Não fosse Daniel… (“como é mesmo o sobrenome dele?”) e o retorno de Chico Rodrigues ao Congresso Nacional teria merecido um maior e merecido destaque esta semana. Ele volta a exercer o cargo de senador da República, cinco meses depois de ter transformado as cuecas em cofre para guardar dinheiro. Em uma próxima sessão, Rodrigues poderá encontrar no plenário a deputada Flordelis e, se prestar bem atenção, a tornozeleira eletrônica que ela usa. Em poucos dias, vitorioso o plano em andamento liderado por Artur Lira, os dois terão a companhia de Daniel Silveira, o deputado preso por agredir as instituições democráticas.

O que os três têm em comum? São representantes, por menos que se goste, de segmentos brasileiros. O senador, de um perfil antigo mas que se recusa a deixar a cena política. Frequentou seis partidos, sofreu processo de cassação por abuso do poder econômico e, em outubro passado, a acusação de desviar recursos destinados ao combate à pandemia. Localizado em casa, foi precavido: guardou 30 mil reais nas cuecas. A deputada, eleita por um fenômeno recente: algumas igrejas, se assim puderem ser chamadas, que assumem espaço crescente junto ao brasileiro pobre, e promovem a perigosa aproximação entre desespero, manipulação, dinheiro (para os pastores) e voto. Acusada de participação no assassinato do marido, está liberada para tomar decisões sobre o futuro dos brasileiros se sua localização seguir ao alcance da policia, via tornozelo. Já Daniel é um dos tantos frutos do bolsonarismo, eleito por um coquetel que mistura a aparente rejeição à política, pregação autoritária, defesa da violência e o intenso uso das redes sociais.

Somados, os três falam mal da desigualdade social, da fragilidade partidária, das carências ainda visíveis no processo civilizatório brasileiro.  Mas, respeite-se, chegaram a Brasília pelo soberano, ainda que imperfeito, exercício do voto.

O que agride, por não ser democrática nem sensata, é a omissão do Congresso Nacional – diante de graves denúncias cometidas por seus integrantes. Aqui, não está mais em jogo a soberania do voto mas a conivência do Parlamento com os que, vestidos com a indispensável imunidade, a utilizam para o crime.
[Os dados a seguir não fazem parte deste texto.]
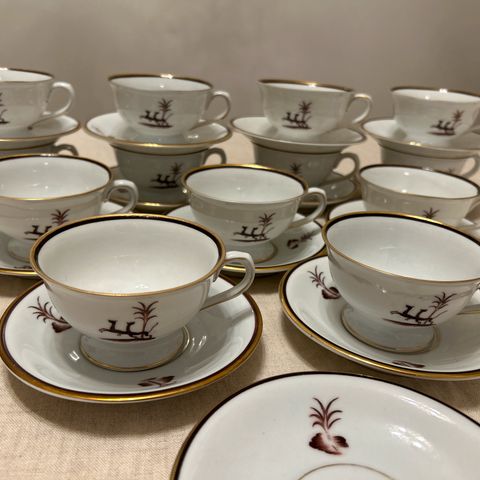 Arabia Diana kahvikalusto, valmistettu posliinista. Sisältää kahvikuppeja, lautasia, sokerikko, kermakko ja tarjoilulautanen. Koristeena kultareunus ja koristemaalaukset. Sopii kahvin ja teen tarjoiluun.

Chico Rodrigues até agora não teve seu caso examinado pela Comissão de Ética do Senado. Flordelis não mereceu a atenção da mesma Comissão, na Câmara dos Deputados. E Daniel, em uma confissão da inutilidade a que foi condenado o mecanismo de auto regulação pelo Parlamento, teve seu caso enviado às pressas para a Comissão de Ética como forma de tentar aliviar sua prisão.

Ou seja: ironicamente, o que deveria ser obrigação e rotina -o Congresso proteger sua imagem e sua independência, promovendo o rigoroso e ágil exame de quaisquer desvios ou acusações a seus membros- torna-se exceção lembrada apenas quando se quer ganhar tempo até que novo escândalo surja e ocupe a vaga do anterior como ocorreu com Rodrigues e Flordelis.
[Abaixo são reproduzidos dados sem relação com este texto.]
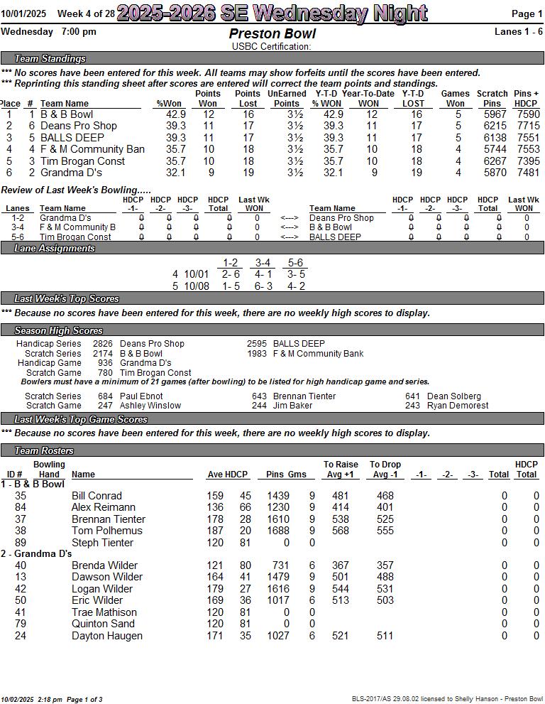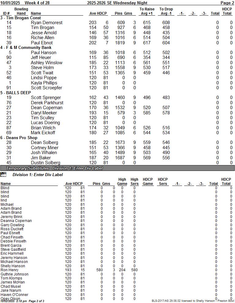 Weds. SE League Week 4 10/01/2025

A atitude suicida do Congresso Nacional já registra consequências indesejáveis, entre elas a necessidade de o Supremo Tribunal Federal avançar, cada vez com maior frequência, em direção a medidas punitivas quando estas poderiam e deveriam ter sido tomadas pelo Parlamento. E, pior: fortalecem na sociedade o espaço para a pregação de atitudes contrárias à democracia.

O país fez a opção definitiva pela democracia, como demonstram a atitude desta semana do Supremo Tribunal Federal e o aplauso praticamente unânime que colheu. Em nome da mesma opção, o Congresso Nacional não pode continuar silente diante de corrupção, assassinatos e agressões às instituições. É sua obrigação corrigir, com base na Constituição e nos princípios democráticos, seus erros e desvios. Ao omitir-se, o Congresso também comete um crime político. Ajuda a fragilizar a democracia da qual, mais que resultado e símbolo, precisa ser guardião.